■ **What the exercise asks**: What is needed is a faithful transcription of all the data below, pictures excluded.

■ **Material for this exercise**:
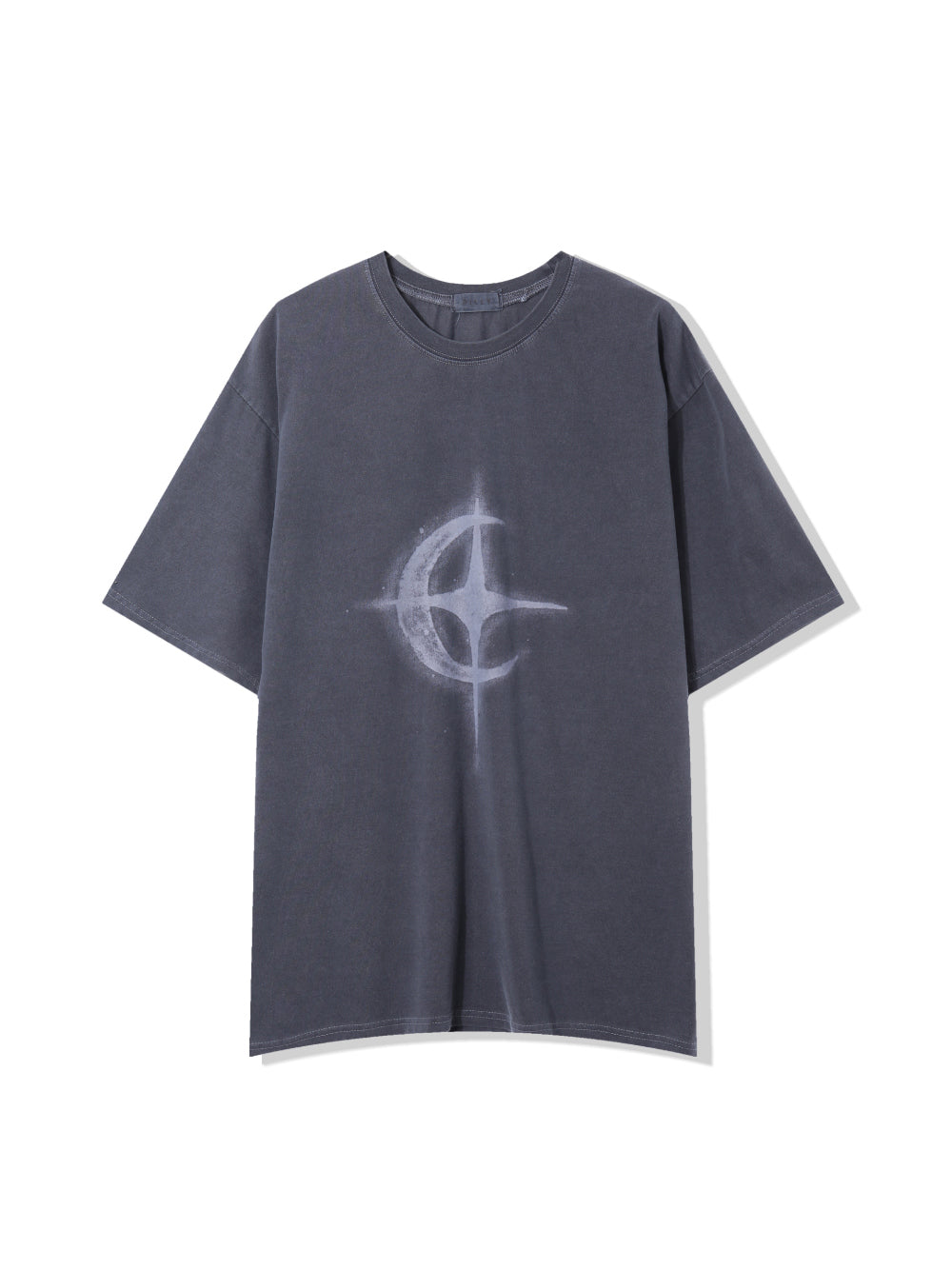 Crescent 月牙圖案 水洗 寬鬆 短袖 T恤 / 2色
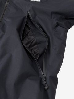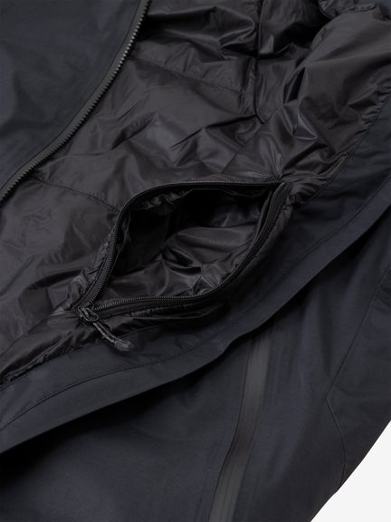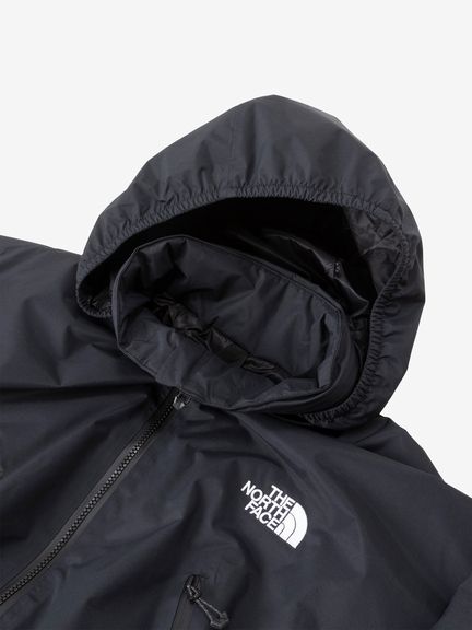 表地には、防水透湿性に優れたHYVENTを採用し、身頃と袖にはプリマロフトわたを封入し保温性も高めています。フードは襟に収納できるビルトイン仕様で、携行時にもかさばりません。フロントは止水ファスナーを採用し、雨の浸入を抑えます。左右に大容量のファスナーポケットを備えており収納力があり、ジャケット本体をコンパクトに収納できるスタッフサック付きで携行にも便利です。
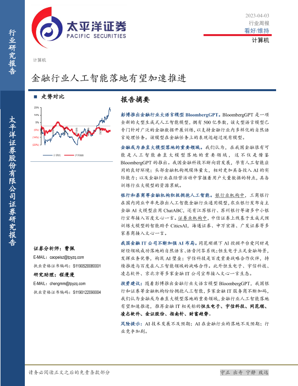 【太平洋证券】【20230403】计算机行业周报:金融行业人工智能落地有望加速推进-15页
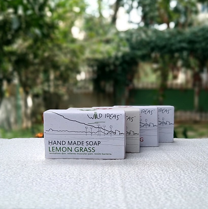 Wild Ideas Hand-Made Lemongrass soap that revitalizes the skin and relieves muscular pain. Lemongrass soap is anti-microbial and fungicidal. Lemongrass soap acts as an anti-bacterial and anti-fungal agent, which means it is beneficial for pimple. It acts as a toner, minimizing pores of the skin and toning the tissues and muscles. It reduces wrinkles, so use the soap for a toned and clear complexion.
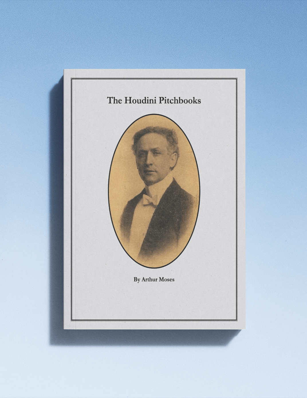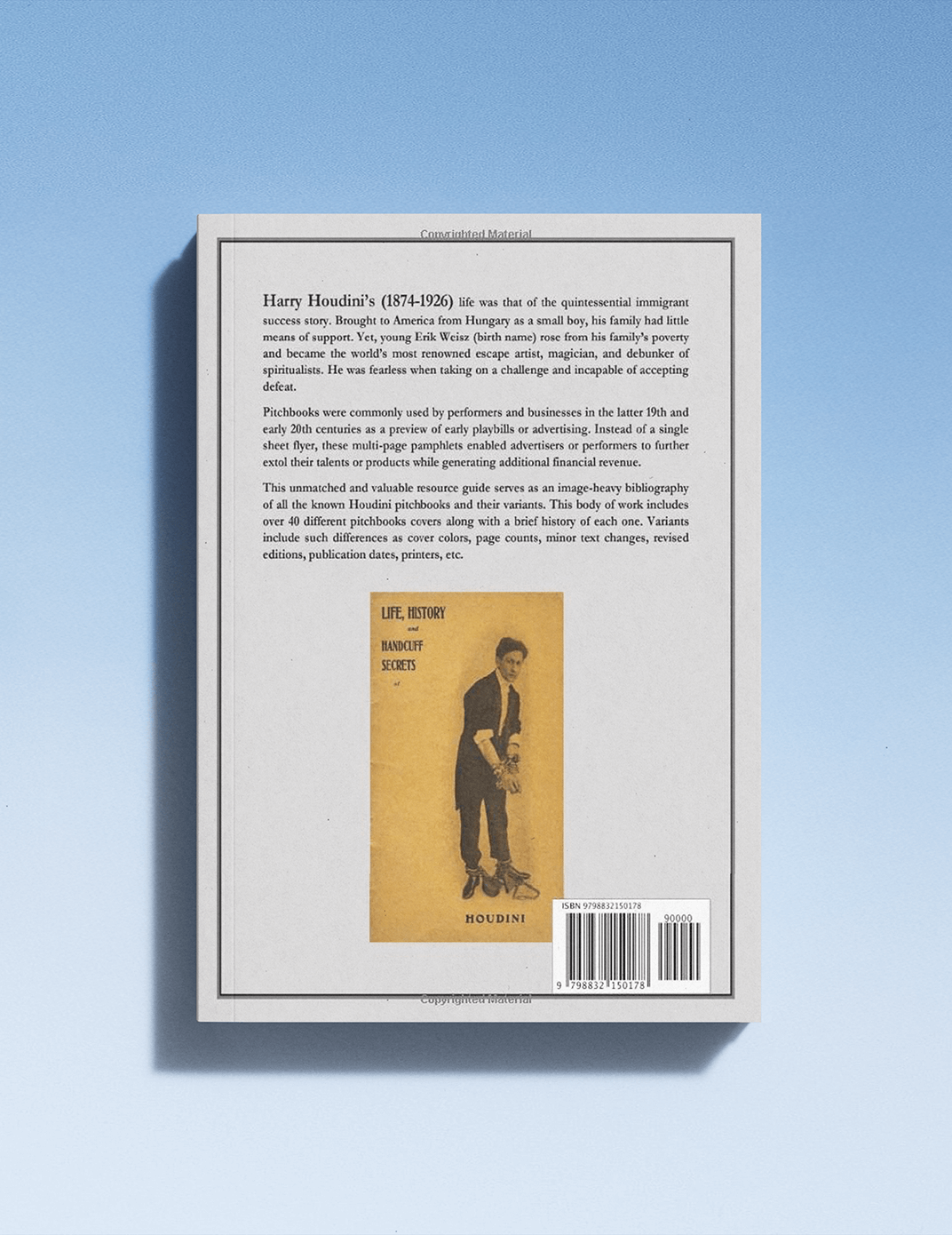 Includes all the known Houdini pitchbooks and their variants. This body of work includes over 40 different rare pitchbooks, including their cover images, along with the history of each. Variants include such differences as cover colors, page counts, minor text changes, revised editions, publication dates, printers, etc.
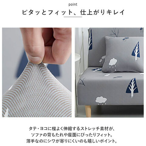 タテ・ヨコに程よく伸縮するストレッチ素材が、ソファの背もたれや座面にぴったりフィット。薄手なのにシワが寄りにくいのも嬉しいポイント。
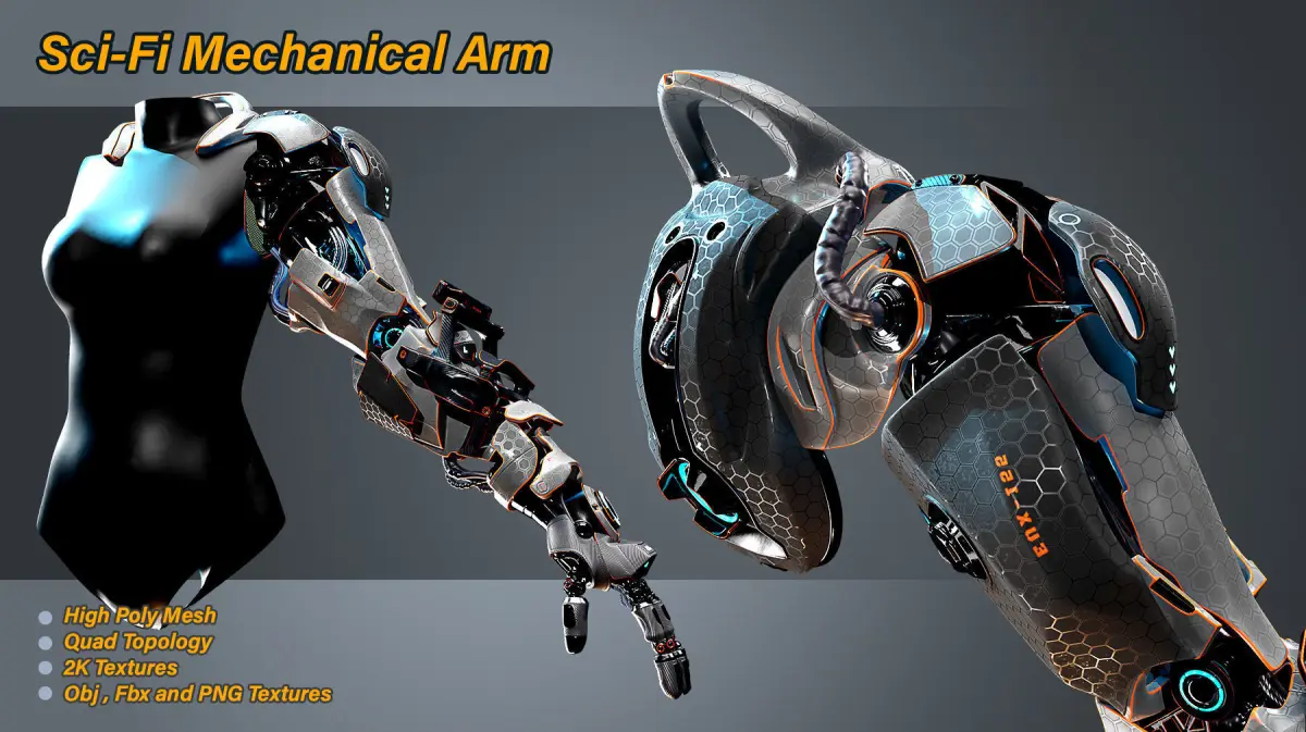 This product 3D sci-fi mechanical arm model. the model is created in high quality and based on hardsurface principles.in this pack you can find:**

■ **Reply to the exercise**:
 Crescent 月牙圖案 水洗 寬鬆 短袖 T恤 / 2色
 表地には、防水透湿性に優れたHYVENTを採用し、身頃と袖にはプリマロフトわたを封入し保温性も高めています。フードは襟に収納できるビルトイン仕様で、携行時にもかさばりません。フロントは止水ファスナーを採用し、雨の浸入を抑えます。左右に大容量のファスナーポケットを備えており収納力があり、ジャケット本体をコンパクトに収納できるスタッフサック付きで携行にも便利です。
 【太平洋证券】【20230403】计算机行业周报:金融行业人工智能落地有望加速推进-15页
 Wild Ideas Hand-Made Lemongrass soap that revitalizes the skin and relieves muscular pain. Lemongrass soap is anti-microbial and fungicidal. Lemongrass soap acts as an anti-bacterial and anti-fungal agent, which means it is beneficial for pimple. It acts as a toner, minimizing pores of the skin and toning the tissues and muscles. It reduces wrinkles, so use the soap for a toned and clear complexion.
 Includes all the known Houdini pitchbooks and their variants. This body of work includes over 40 different rare pitchbooks, including their cover images, along with the history of each. Variants include such differences as cover colors, page counts, minor text changes, revised editions, publication dates, printers, etc.
 タテ・ヨコに程よく伸縮するストレッチ素材が、ソファの背もたれや座面にぴったりフィット。薄手なのにシワが寄りにくいのも嬉しいポイント。
 This product 3D sci-fi mechanical arm model. the model is created in high quality and based on hardsurface principles.in this pack you can find:**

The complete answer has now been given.